Saturday, February 24, 2007

On Being Irrepressible

This isn't the post I was going to write. I found something much more important. I want to dedicate it to my mother, Esme, who taught me to care about human rights, to speak out when I can, and take what action I am able to take.

Imagine if the next post you write, or this post you are reading, landed you in prison...



Petite Anglaise - who to many will need no introduction and to the rest I need only say 'Go there now' - has posted an important note from Amnesty International about a new campaign against internet repression and its consequences.

The campaign is called Irrepressible.info and you can express your support in myriad ways: Sign the pledge, publish fragments of censored material on your blog (see Sidebar), and become an Irrepressible Blogger by writing a post on your own blog about the campaign.

You can also write letters of concern in several recent cases of internet repression. If you have never got involved with Amnesty before, their Letter Appeals really do have a powerful effect on the governments and individuals to whom you write.
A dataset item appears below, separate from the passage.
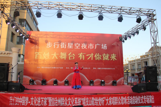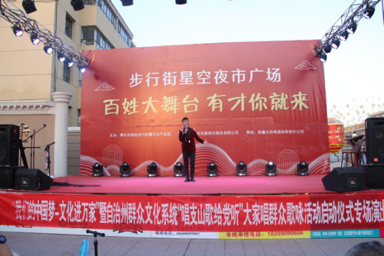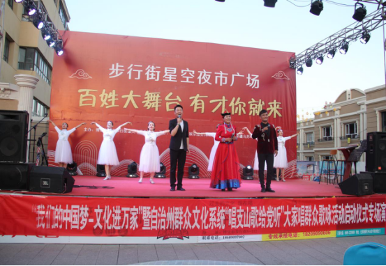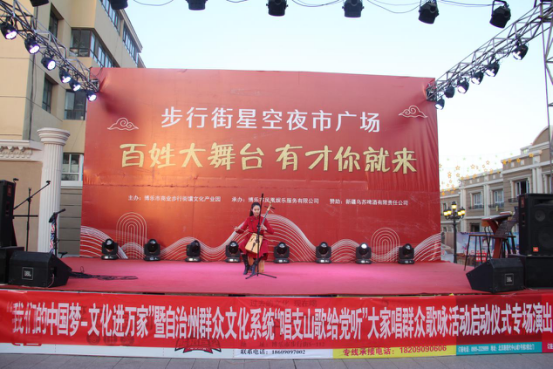 百年征程波澜壮阔,百年初心历久弥坚。为迎接中国共产党百年华诞,大力营造“党的盛典、人民的节日”团结奋进、开创新局的浓厚社会氛围,在州市文旅局的指导下,5月25日晚,在博乐市商业步行街百姓大舞台,由博州文化馆、博乐市文化馆联合举办的我们的中国梦·文化进万家暨群众文化系统“唱支山歌给党听”大家唱群众唱歌咏文化活动启动仪式。庆祝中国共产党成立100周年群众文化系列活动 。活动通过大合唱演唱、器乐马头琴演奏、舞蹈等艺术形式,引导广大群众以文艺的形式献礼中国共产党百年华诞。

It's also very easy - the templates are right there on the site, and you can find yourself emailing the Tunisian Minister for Justice, for instance, before breakfast...

Blogging can often feel like a cosy occupation, but for many it's not. It's easy to forget that when we press the 'Publish Post' button we are publishing to every country with internet access in the world. And that some countries' governments don't want their citizens to have that kind of power at the touch of a button. Naively, it had barely occurred to me that fellow bloggers are being imprisoned for this thing I take so much for granted.

Of equal concern are the large internet companies - those familiar, helpful giants - Microsoft, Google, Yahoo, without whom I wouldn't be sitting here now - who are aiding the censorship of the written word in countries such as China. Worrying indeed.

Petite's post startled me. Enough of the navel-gazing for one night. It's good to be startled once in a while.